Load-modifying resources that contain aggregated retail customers must show a contractual relationship for their megawatt capability, Schabla added. MISO said contracts must be active for all seasons an LMR offers their services and detail response time, how the LMR achieves demand reduction and specify how many megawatts or to what firm service level end-use customers agree to curtail. MISO said those entering aggregations of households must “submit a detailed report describing how the load reduction is achieved, how the load reduction works and how the load reduction value is calculated.”
Further, resources using a firm service level threshold to measure reductions must show in testing that they can cut use to that level.

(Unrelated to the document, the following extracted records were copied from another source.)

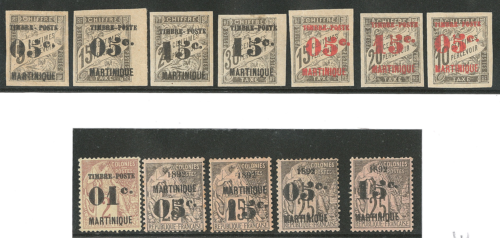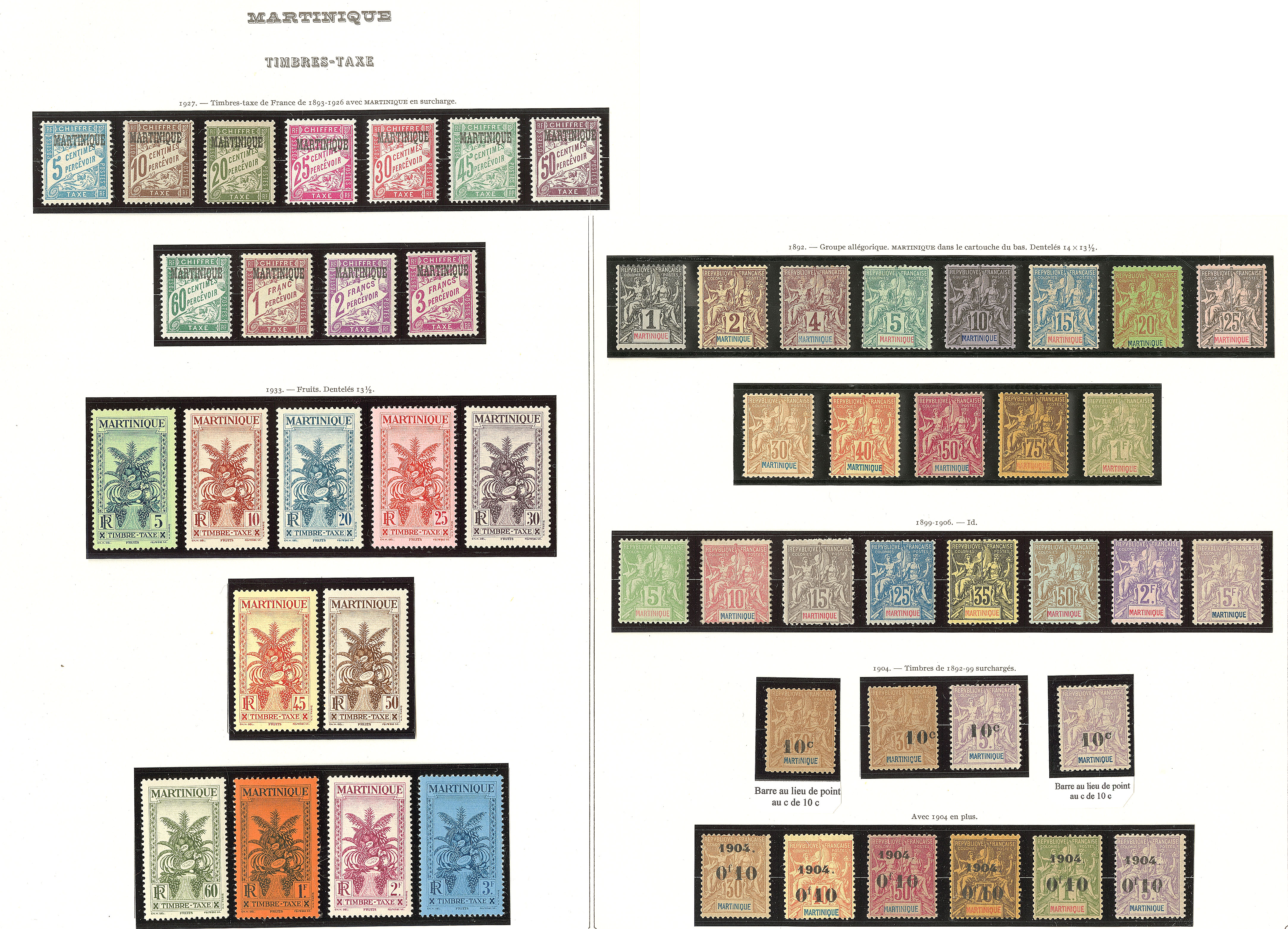 | ** | 1972 | MARTINIQUE. ** Nos 1, 3, 4, 7, 8, 10, 11, 13, 14, 18 (froissure). - TB (cote Yvert) | 10 | 1015€ | 100€ | vendu 158€ | |
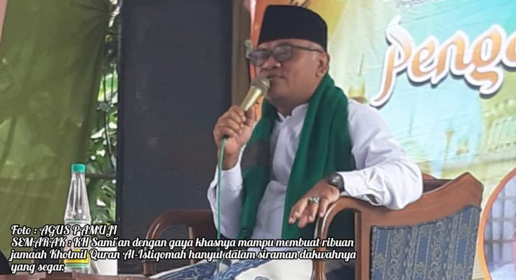 Dalam ceramahnya yang penuh makna ini, Sami’an berhasil menyita perhatian serius para hadirin hingga selesai acara ditutup doa oleh Abah Hasyim Jalaludin dari Candimulyo. (gus)
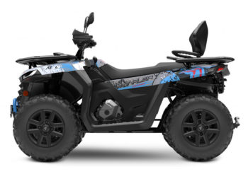 EPS električni servo upravljač, nagibna karoserija s nagibnim i uklonjivim prednjim i bočnim stranama, posebno snažno vitlo od 4500 lbs, prednji zaštitni okvir, puno vjetrobransko staklo, čelični zaštitni bočni okviri, kotači od 14″ sa šesteroslojnim gumama, plastični krov otporan na UV zračenje, preklopna zaštita za noge , ROPS-certificirani sigurnosni kavez, uređaj za vuču s okom, klupa sa sigurnosnim pojasevima, kutija za odlaganje na instrument ploči, prednja svjetla s dva projektora, prednja svjetla LED-Matrix, zvučni signal za vožnju unazad.
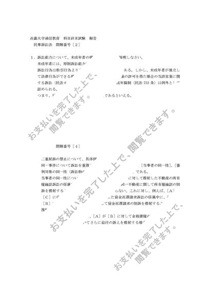近畿大学通信教育科目終末試験解答 民事訴訟法[偶数番号]
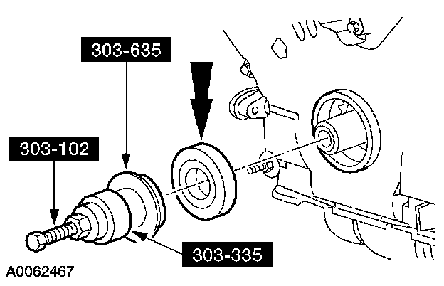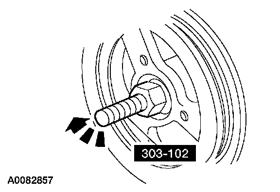 55. NOTE: Use special tool 303-D055 to hold the crankshaft pulley. Install the bolt and washer. Tighten the bolt in four stages.
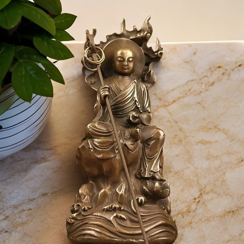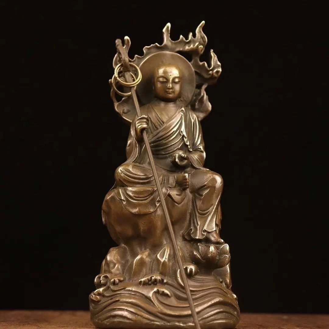 Pure Copper Tibetan King Buddha Statue Model with Flame Ornaments
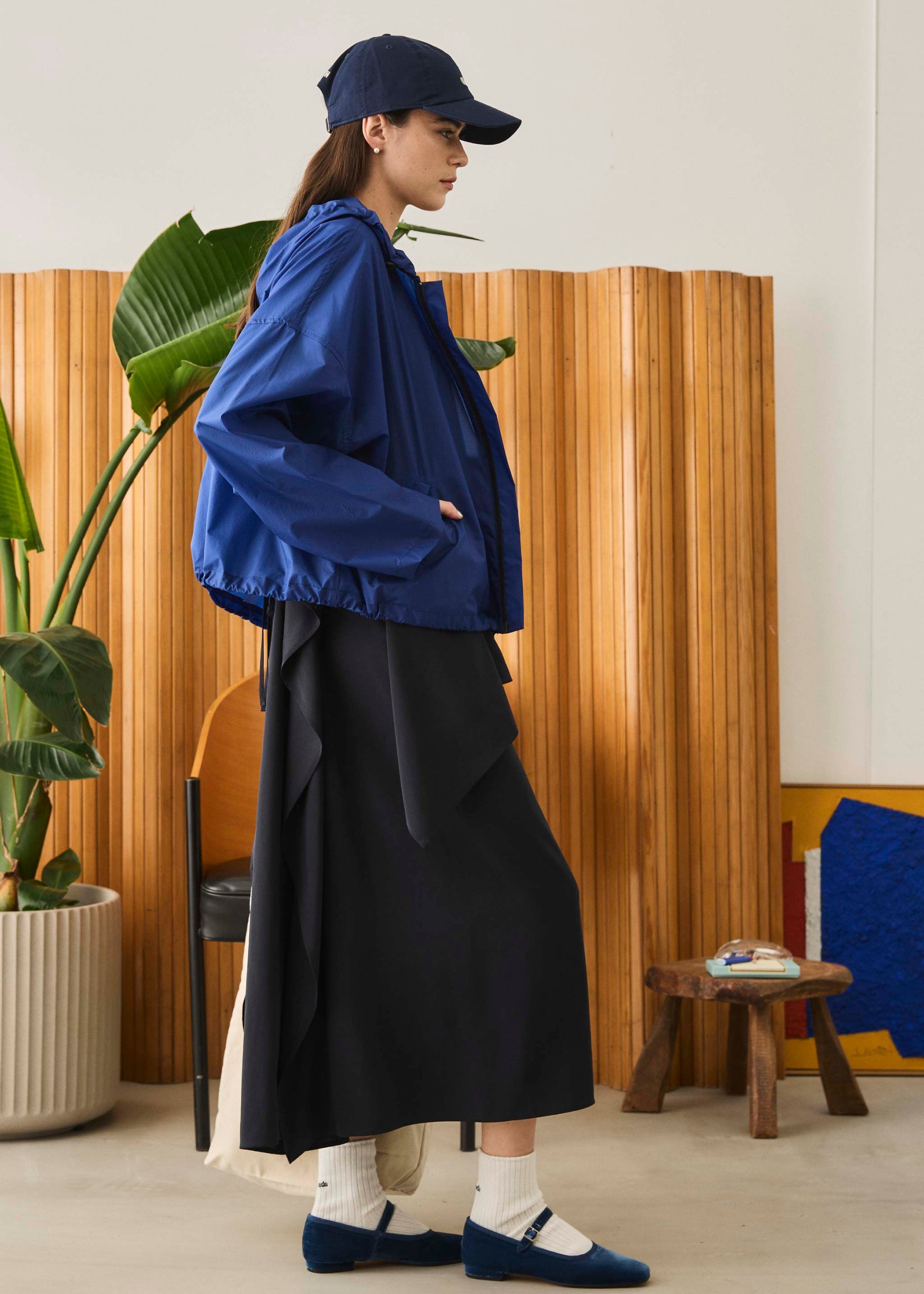 この手のシャカシャカパーカーってスポーツメーカーのものも素晴らしいのですが、女性が着るにはちょっとフォルムがちょっと細くて長いのが気になっていました。
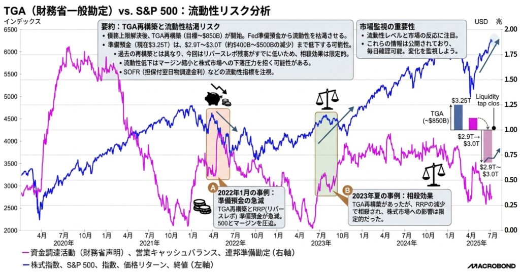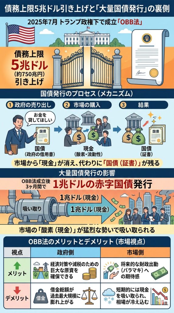 米財務省が「OBB法」に基づき大量に国債を発行した結果、本来なら市場で投資に使われるはずの資金が、政府の金庫(TGA)へと吸い込まれてしまいました

Schabla said the testing and documentation requirements aren’t new and have been in MISO’s business practice manuals. He said beginning with the upcoming Planning Resource Auction (PRA), MISO will begin disqualifying resources that fail to provide required information.
MISO said it “continues to see testing inconsistencies” among its demand response fleet.
Some LMRs already are registered for the upcoming auction; MISO said some of those may need to resubmit registrations if they lack detail.
Representatives from Voltus — the latest company to agree to a multimillion-dollar civil penalty to settle demand response violations — voiced the most opposition to MISO’s doubling down on enforcement. (See Voltus Agrees to $18M Fine to Settle DR Tariff Violations in MISO.)
“A lot of these are changes and they’re being delivered to stakeholders at the 11th hour,” Voltus’ Sean Shafer said. “This does feel like a last-minute surprise.”
Shafer said it appeared MISO was trying to “push through” testing changes that stand to affect rates without FERC approval.
MISO staff at the meeting disagreed and said the RTO already is authorized to administer rules on its books. “We are going to start enforcing them based on behavior from market participants over the last several years,” Schabla said.
“We don’t like the situation we’re in either,” Executive Director of Market and Grid Strategy Zak Joundi told stakeholders.
Jim Dauphinais, representing a collection of MISO end-use customers, said MISO should have raised more stringent enforcement back in September. He said at this point, MISO has appeared to issue conflicting guidance on testing requirements. Dauphinais pointed out that some load-modifying resources already have performed testing for the upcoming auction.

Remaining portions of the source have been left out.